9. The Human Line: Advance Rates Are Judgment
Everything above makes the collateral picture sharper. None of it decides what to lend against it.
Advance rates and reserves price the unknowable: how the collateral liquidates in a downside nobody has seen yet, how this borrower behaves under stress, what the exam could not test. Those calls belong to credit officers, and the AI's job is to make sure they are made with the true aging, the true dilution trend, and the true ineligible math in front of them.
And fraud deserves its own sentence. AI raises the cost of borrowing-base fraud substantially (recomputation from source defeats summary-level manipulation), but a determined fraud fabricates the source documents too. Field exams, customer verification, and skepticism remain load-bearing.
Borrower AR data is commercially sensitive, so the standing rule applies: no-training infrastructure, your environment, full audit trail. Details in our Security and Data Governance guide.
10. Where to Start
A practical sequence for an ABL or specialty-finance desk.
First. Pilot certificate recomputation on your ten largest facilities. Encode their eligibility definitions, recompute three months of history, and count the discrepancies you find. That number usually settles the business case by itself.
Second. Turn on trend monitoring (dilution, aging migration, availability usage) across the book, with a ranked weekly watchlist.
Third. Wire the output into exam prep and the credit file, so surveillance, exams, and annual reviews share one collateral record.
A Discovery Sprint maps your borrowing-base workflow, measures where the hours and the risk concentrate, and scopes the recomputation engine against your actual credit agreements.
"Asset-based lending commitments have grown every year since 2018 and consistently outpaced traditional commercial and industrial lending, with non-bank lenders now the fastest-growing segment of the market."
Summarized from the Secured Finance Network's market sizing study (2025)
- •ABL is a $537 billion market growing fastest on the non-bank side, and every new commitment adds continuous collateral-monitoring work.
- •The borrowing base is rules-based, recurring, and document-heavy: the cleanest AI fit in credit.
- •Recompute availability from the underlying agings and your credit agreement's definitions, never from the borrower's summary. Borrower errors skew toward availability.

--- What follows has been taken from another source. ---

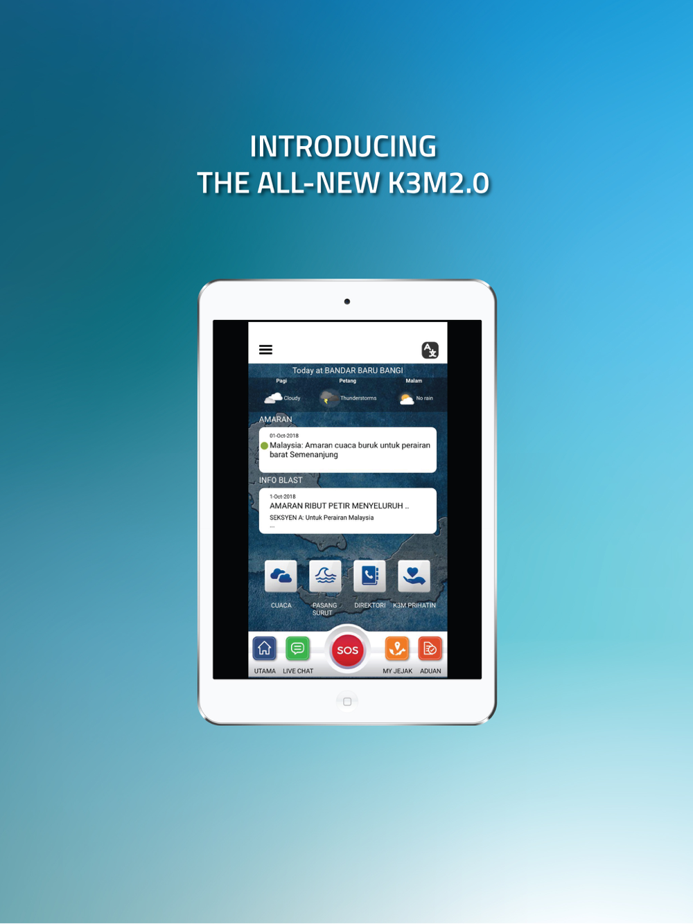 “Kesedaran Keselamatan Komuniti Maritim” (K3M) refers to Maritime Community Security and Safety Awareness. This innovative mobile application allows the maritime community to lodge reports or request emergency assistance directly to the Royal Malaysian Navy (RMN) Operation Centre or the Malaysian Enforcement Agencies (MMEA).
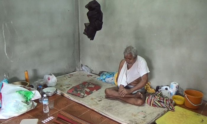 ตาวัย 80 ปี ลื่นล้มจนพิการ ถูกญาติหลอกพามาไว้ที่วัด อาศัยห้องเก็บของข้างเมรุ

- •A rules engine catches cross-aging, concentration, and contra issues mechanically; analysts handle the exceptions, credit officers the gray zones.
- •Dilution and aging trends are the best early-warning signals in the credit. Maintain them across the book automatically.
- •Field exams stay, but AI makes the test selections data-driven and the prep instant.
- •Advance rates and reserves price what the rules cannot see. They stay with the credit team.